Home Dai Comuni Confezioni di acqua “Santa Croce” ritirate dal mercato: il comunicato ufficiale

Confezioni di acqua “Santa Croce” ritirate dal mercato: il comunicato ufficiale

Salute pubblica a rischio per un lotto di acqua minerale segnalato e in seguito ritirato dai negozi e dai supermercati; la segnalazione riguarda il territorio abruzzese ma anche quello irpino e dintorni.

Comunicato ufficiale

In un comunicato ufficiale datato venerdì 10 agosto 2018, e diffuso solo da un paio di giorni il Ministero della Salute, ha segnalato possibili rischi per la salute  il lotto BL060A10 di acqua oligominerale Santa Croce imbottigliata presso lo stabilimento Sorgente Fiuggino-Canistro, in provincia dell‘Aquila. Il ritiro riguarda le bottiglie in vetro da un litro e nello specifico i fardelli da 12 bottiglie con data di scadenza marzo 2020. Il Ministero ha precisato nella sezione dedicata ai “Richiami di prodotti alimentari da parte degli operatori” del portale Salute.gov; che si tratterebbe di un richiamo cautelativo. Le bottiglie di acqua, infatti, si ipotizza che potrebbero contenere particelle in sospensione da caratterizzare. Il comunicato precisa: “Chi avesse acquistato bottiglie di acqua Santa Croce appartenente al lotto BL060A10 non deve consumarla, ma riportarla il prima possibile presso il punto vendita (dove verrà rimborsata o sostituita). Gli altri lotti Acqua Santa Croce, invece, sono sicuri e possono essere tranquillamente consumati.” 

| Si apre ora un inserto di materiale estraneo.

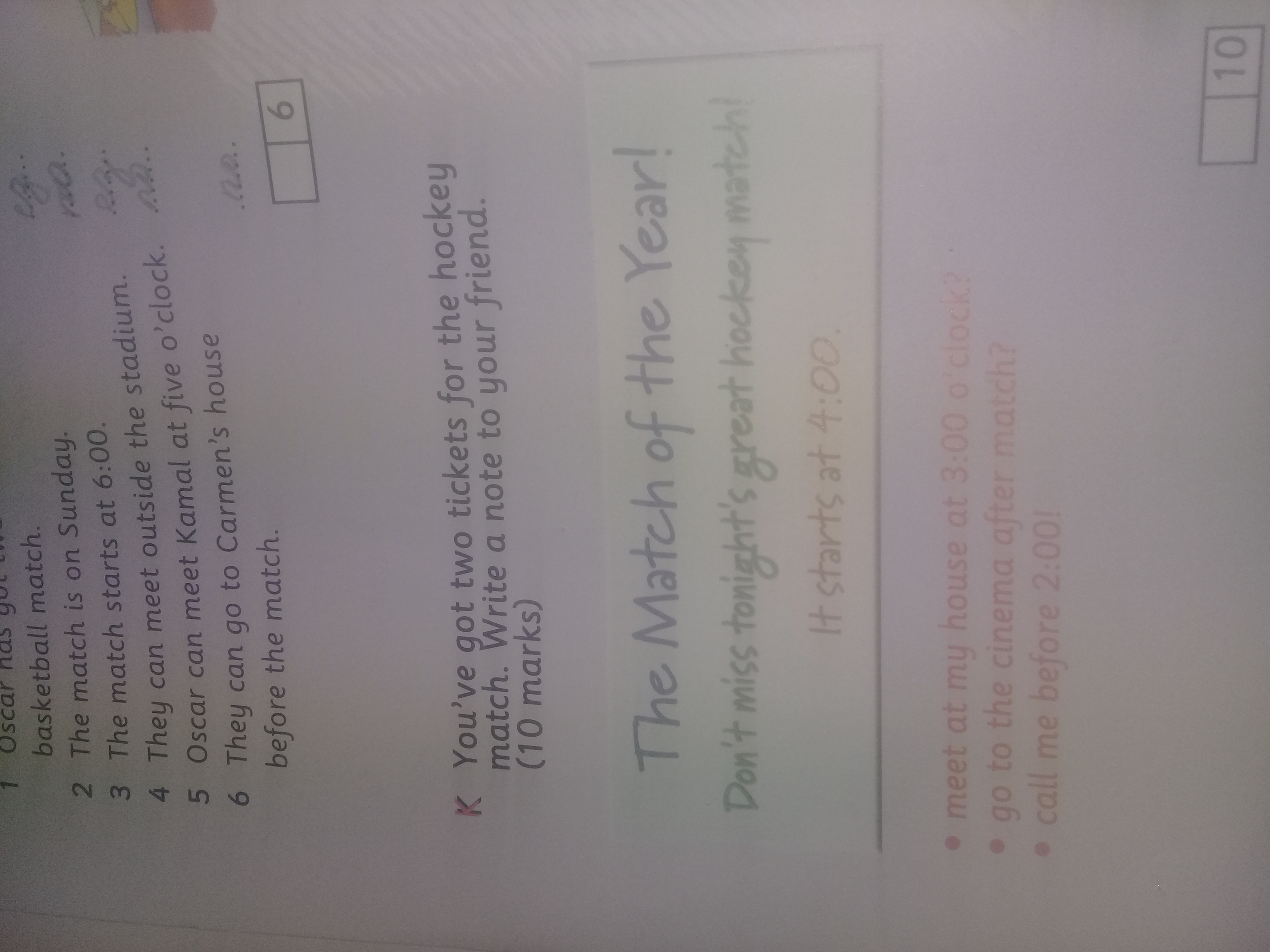 I have two tickets for the hockey match, it will be great if you come! Can we meet at my house at 3 o'clock? Just call me before 2:00.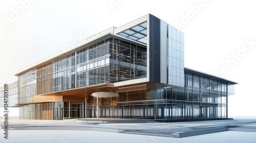 A modern architectural design featuring glass and wood elements, showcasing a spacious, contemporary building with clean lines and an open layout.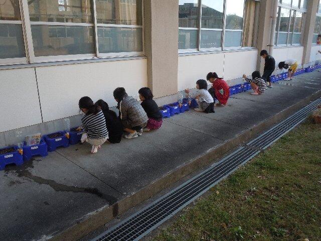 今日(11/27)、1年生のベランダを通りかかると、植木鉢に一生懸命に水かけをしていました。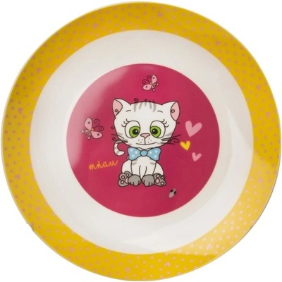 Porcelánový plytký tanier s motívom mačičky s mašľou, s priemerom 21 cm, vhodný na servírovanie hlavného jedla i desiaty Plytký tanierik pre malých jedákov, ktorý ich poteší...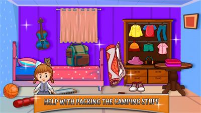 收集和打包夏令营假期旅行所需的所有东西,给女孩和男孩穿衣服;

La risposta della Santa Croce S.R.L.

L’azienda Santa Croce ha subito diffuso una precisazione in merito al ritiro dei suoi prodotti che in ogni caso e in via preventiva e precauzionale, ha disposto l’immediato ritiro dal commercio del lotto delle bottiglie incriminate. Questo allo scopo di tutelare i consumatori. L’azienda ha inoltre precisato: “Secondo quanto ci risulta la problematica si sarebbe verificata nella provincia di Frosinone e sarebbe riferita a piccoli frammenti visibili nella bottiglia da un litro, una situazione che può capitare perché l’acqua può mutare per svariati motivi, tra cui la non perfetta conservazione, una volta uscita dallo stabilimento e consegnata ai distributori, in tal senso, si sottolinea che il vetro non viene venduto ai supermercati ma ai soli ristoranti”.